**The task:**
Type the data below again exactly. Omit all pictures.

Segment Start: Source data

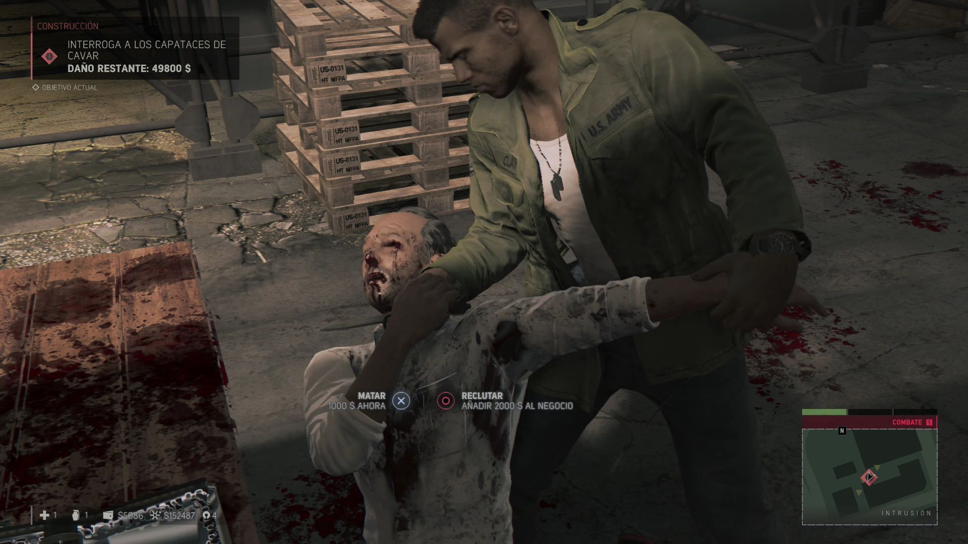 Cuando hayas causado los gastos necesarios vuelve a hablar con Lennie Davis para conseguir la localización de Cava. Ve a la posición que te indican y prepárate para una de las zonas más complicadas del juego. Los primeros guardias de la zona están justo en la calle y será muy complicado acabar con ellos sin que algún transeúnte llame a los policías. El edificio en construcción también está repleto de guardias, debes avanzar por el piso más alto y cruzar al otro extremo para subir una escalera que te lleva a la zona donde esta Cava. Acribíllale y luego remátale cuerpo a cuerpo.
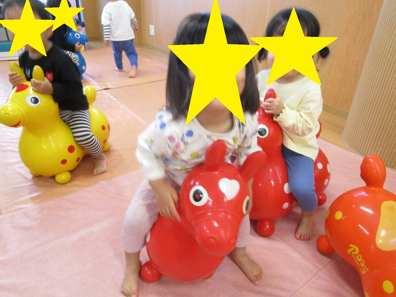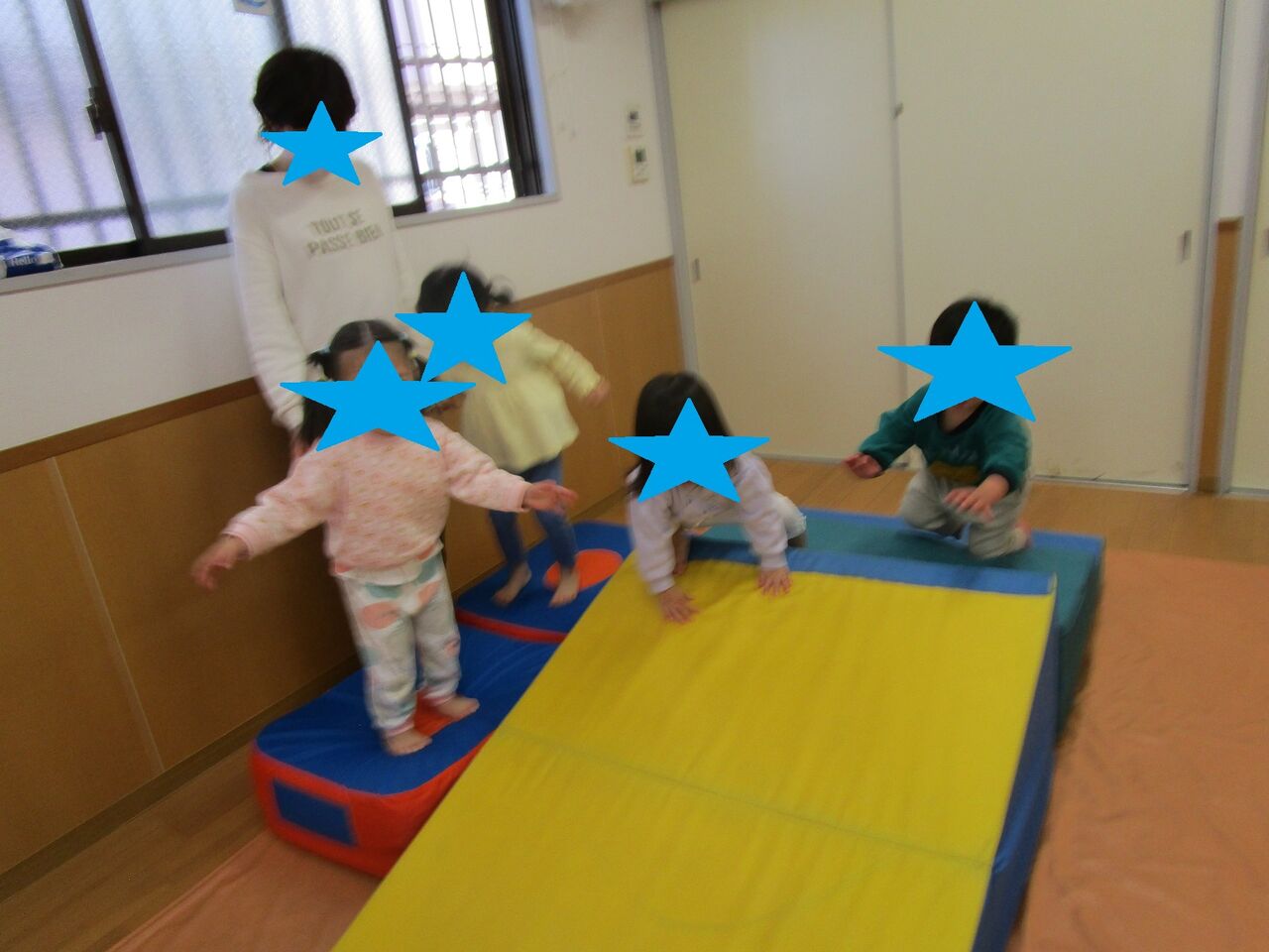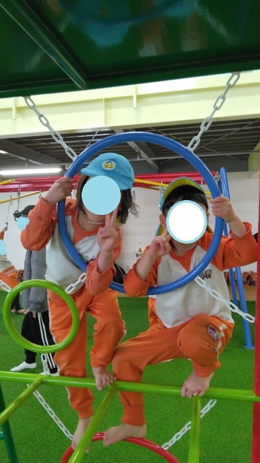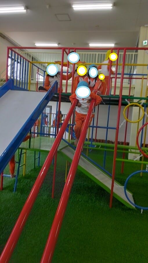 全員が揃った時点で1階に移動して遊具と2階の平均台、ブランコでもたくさん遊びました。
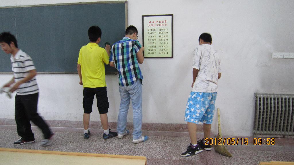5月19日上午,新葡官网第三十九期高党学员共106人在三教参加义务劳动,他们分别对三教的多个教室进行了扫除工作,使教室环境焕然一新。

Segment End: Source data

**Solution:**
 Cuando hayas causado los gastos necesarios vuelve a hablar con Lennie Davis para conseguir la localización de Cava. Ve a la posición que te indican y prepárate para una de las zonas más complicadas del juego. Los primeros guardias de la zona están justo en la calle y será muy complicado acabar con ellos sin que algún transeúnte llame a los policías. El edificio en construcción también está repleto de guardias, debes avanzar por el piso más alto y cruzar al otro extremo para subir una escalera que te lleva a la zona donde esta Cava. Acribíllale y luego remátale cuerpo a cuerpo.
 全員が揃った時点で1階に移動して遊具と2階の平均台、ブランコでもたくさん遊びました。
5月19日上午,新葡官网第三十九期高党学员共106人在三教参加义务劳动,他们分别对三教的多个教室进行了扫除工作,使教室环境焕然一新。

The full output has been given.